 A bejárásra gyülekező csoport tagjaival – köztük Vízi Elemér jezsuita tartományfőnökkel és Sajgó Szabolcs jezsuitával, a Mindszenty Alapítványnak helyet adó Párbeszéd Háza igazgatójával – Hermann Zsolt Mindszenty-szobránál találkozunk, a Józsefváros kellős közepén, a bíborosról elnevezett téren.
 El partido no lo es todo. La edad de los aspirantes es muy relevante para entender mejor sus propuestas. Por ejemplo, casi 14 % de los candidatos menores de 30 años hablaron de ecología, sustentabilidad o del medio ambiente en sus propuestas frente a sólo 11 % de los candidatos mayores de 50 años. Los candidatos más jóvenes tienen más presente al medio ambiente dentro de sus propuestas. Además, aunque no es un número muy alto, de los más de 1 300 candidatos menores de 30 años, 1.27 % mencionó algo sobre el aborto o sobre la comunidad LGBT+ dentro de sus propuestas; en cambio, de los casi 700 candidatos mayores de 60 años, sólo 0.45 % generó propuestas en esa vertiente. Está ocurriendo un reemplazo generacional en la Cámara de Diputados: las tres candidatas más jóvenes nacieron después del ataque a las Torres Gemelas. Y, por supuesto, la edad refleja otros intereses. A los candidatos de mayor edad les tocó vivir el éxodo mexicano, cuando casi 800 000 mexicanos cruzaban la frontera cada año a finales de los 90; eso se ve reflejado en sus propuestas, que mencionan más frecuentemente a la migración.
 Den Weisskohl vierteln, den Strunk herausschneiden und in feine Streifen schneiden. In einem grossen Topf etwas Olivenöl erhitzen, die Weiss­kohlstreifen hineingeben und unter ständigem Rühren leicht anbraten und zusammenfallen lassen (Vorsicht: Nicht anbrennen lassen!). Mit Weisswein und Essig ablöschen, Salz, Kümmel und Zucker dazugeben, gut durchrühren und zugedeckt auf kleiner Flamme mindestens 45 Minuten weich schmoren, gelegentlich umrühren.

### Exercise details
Reproduce every line above, keeping each word exactly as it appears.

### Exercise answer
 A bejárásra gyülekező csoport tagjaival – köztük Vízi Elemér jezsuita tartományfőnökkel és Sajgó Szabolcs jezsuitával, a Mindszenty Alapítványnak helyet adó Párbeszéd Háza igazgatójával – Hermann Zsolt Mindszenty-szobránál találkozunk, a Józsefváros kellős közepén, a bíborosról elnevezett téren.
 El partido no lo es todo. La edad de los aspirantes es muy relevante para entender mejor sus propuestas. Por ejemplo, casi 14 % de los candidatos menores de 30 años hablaron de ecología, sustentabilidad o del medio ambiente en sus propuestas frente a sólo 11 % de los candidatos mayores de 50 años. Los candidatos más jóvenes tienen más presente al medio ambiente dentro de sus propuestas. Además, aunque no es un número muy alto, de los más de 1 300 candidatos menores de 30 años, 1.27 % mencionó algo sobre el aborto o sobre la comunidad LGBT+ dentro de sus propuestas; en cambio, de los casi 700 candidatos mayores de 60 años, sólo 0.45 % generó propuestas en esa vertiente. Está ocurriendo un reemplazo generacional en la Cámara de Diputados: las tres candidatas más jóvenes nacieron después del ataque a las Torres Gemelas. Y, por supuesto, la edad refleja otros intereses. A los candidatos de mayor edad les tocó vivir el éxodo mexicano, cuando casi 800 000 mexicanos cruzaban la frontera cada año a finales de los 90; eso se ve reflejado en sus propuestas, que mencionan más frecuentemente a la migración.
 Den Weisskohl vierteln, den Strunk herausschneiden und in feine Streifen schneiden. In einem grossen Topf etwas Olivenöl erhitzen, die Weiss­kohlstreifen hineingeben und unter ständigem Rühren leicht anbraten und zusammenfallen lassen (Vorsicht: Nicht anbrennen lassen!). Mit Weisswein und Essig ablöschen, Salz, Kümmel und Zucker dazugeben, gut durchrühren und zugedeckt auf kleiner Flamme mindestens 45 Minuten weich schmoren, gelegentlich umrühren.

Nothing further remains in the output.